• Авторизация


Сон праведных душ (Рассказ) - окончание 10-11-2011 21:42 к комментариям - к полной версии - понравилось!


     Больше я никогда не видел Эридо; полумёртвого, меня нашли разбойники с большой дороги, которые, решив, что я беглый заключённый, предложили мне вступить в их банду. Это был выбор жизни или смерти, отказаться значило умереть, и я пошёл с ними. Несколько лет мы жили грабежом торговцев и небольших вооружённых патрулей, часто перемещаясь с места на место при малейшем подозрении на опасность. Во время этих скитаний случай вновь свёл меня со старым волком, который встретился мне тогда в пещере, и, недолго думая, я застрелил его. Ухо зверя же отрезал на память, как охотничий трофей. Казалось, в лице этого волка-бродяги я мстил всем тем ужасам, коим стал свидетелем; однако, старый хищник, как вы увидите далее, не оказался на меня в обиде и после своей смерти спас мне жизнь.

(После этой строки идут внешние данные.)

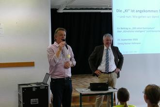 Abgerundet wurde der Nachmittag durch einen unterhaltsamen wie informativen Vortrag von Prof. Dr. Georg Rainer Hofmann von der Technischen Hochschule Aschaffenburg zum Thema „Die KI ist angekommen! – was nun?“, in dem Prof. Dr. Hofmann, der selbst 1981 am Gymnasium Michelstadt das Abitur ablegte, über die Chancen und Möglichkeiten künstlicher Intelligenz informierte, aber auch mit gängigen Vorurteilen aufräumte. Hofmann erklärte den Zuhörerinnen und Zuhörern, dass die künstliche Intelligenz durch Suchmaschinen wie „Google“ bereits Einzug in unseren Alltag gehalten habe und erläuterte, dass man bereits in der ägyptischen Antike, indem man Hunde domestizierte und abrichtete die Idee einer Intelligenz, die ohne menschliches Eingreifen bestimmte Aufgaben erledigt, realisierte. Mit seiner Erklärung über sogenannte pseudo-anthropomorphe Projektionen, bei denen Menschen auch technische Geräte, die über eine Art „Gesicht“ verfügen, wider besseren Wissens unterbewusst als Menschen identifizieren, versetzte Hofmann das Publikum in Erstaunen. Außerdem ging Hofmann auf die Frage nach der Verantwortung für das Handeln künstlicher Intelligenz ein und war im Anschluss an seinen Vortrag gerne bereit, auf die Fragen der Zuhörerinnen und Zuhörer einzugehen. Vielen Dank an Prof. Dr. Hofmann für den interessanten Vortrag.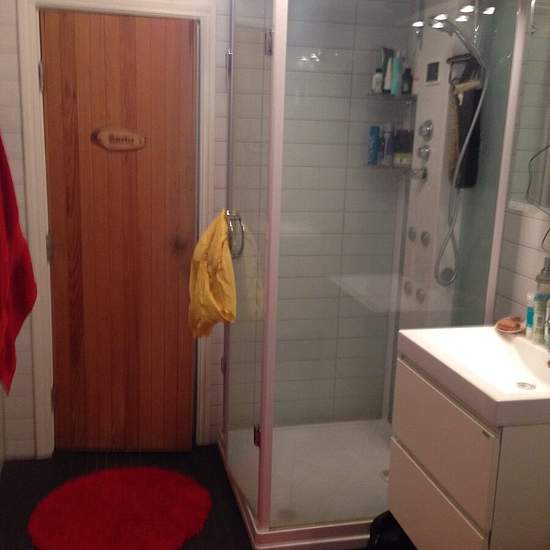 Lägenheten är belägen i natursköna Näset i Göteborg. Den ligger i markplan i en suterrängvilla. Den består av ett rum med ett platsbyggt litet kök med skåp, diskho, två kokplattor, mikro, köksfläkt, kyl med frysfack. Villan har två våningar och toalett och badrum (i anslutning till en bastu och ångbad, som kan användas av mig ibland enligt överenskommelse) är "eget" men på en delad yta på nedre våningen. På övre terrass finns även en pool som får användas enligt överenskommelse. Internet ingår.. En tvättstuga finns i anslutning till lägenhet...

     Случай — я вновь говорю — случай, коль скоро ничто иное в нашей жизни не в силах помочь разорвать те порочные круги, куда заносит нас нелёгкая судьба — предоставил мне возможность покончить наконец с бродячей жизнью; в одном из налётов меня тяжело ранили, и товарищи, решив, что я покойник, оставили валяться при дороге, как дохлого пса. По счастью, мимо проезжал некий каноник под охраной большого отряда стражников. Из чувства христианского милосердия они оказали мне помощь. В эту минуту кто-то из солдат предположил, что я разбойник, но мне удалось обмануть их и назваться охотником, и означенное волчье ухо, которое я носил на шее, как оберег, немало тому поспособствовало: дескать, пока я промышлял отстрелом дичи, грабители на меня самого напали в горах и бросили умирать. Каноник оказался тронут этой историей и велел взять меня с собой, а после выходил. Судьба протянула мне руку, как протянул её сей достойный человек, в лице которого я благодарю всех добродетельных и искренних представителей церкви, но я не мог удовольствоваться тихой и мирной жизнью, пока ничего не знал о дальнейших злых делах отца Рамеро и Мендосы. Год от года, я осторожно расспрашивал людей об Эридо и этих двух приспешниках злых сил. Выяснилось, что оба давно покинули мой родной город. Один из них стал знатным негоциантом, а другой поднялся в духовном сане. Так поговаривали, но найти их, руководствуясь лишь этими скудными слухами, было почти невозможно. Пока случай, - старик глухо, нервно засмеялся, - на склоне лет не позволил мне встретиться с одним из убийц и рассказать наконец людям историю о его делах, коим я стал свидетелем.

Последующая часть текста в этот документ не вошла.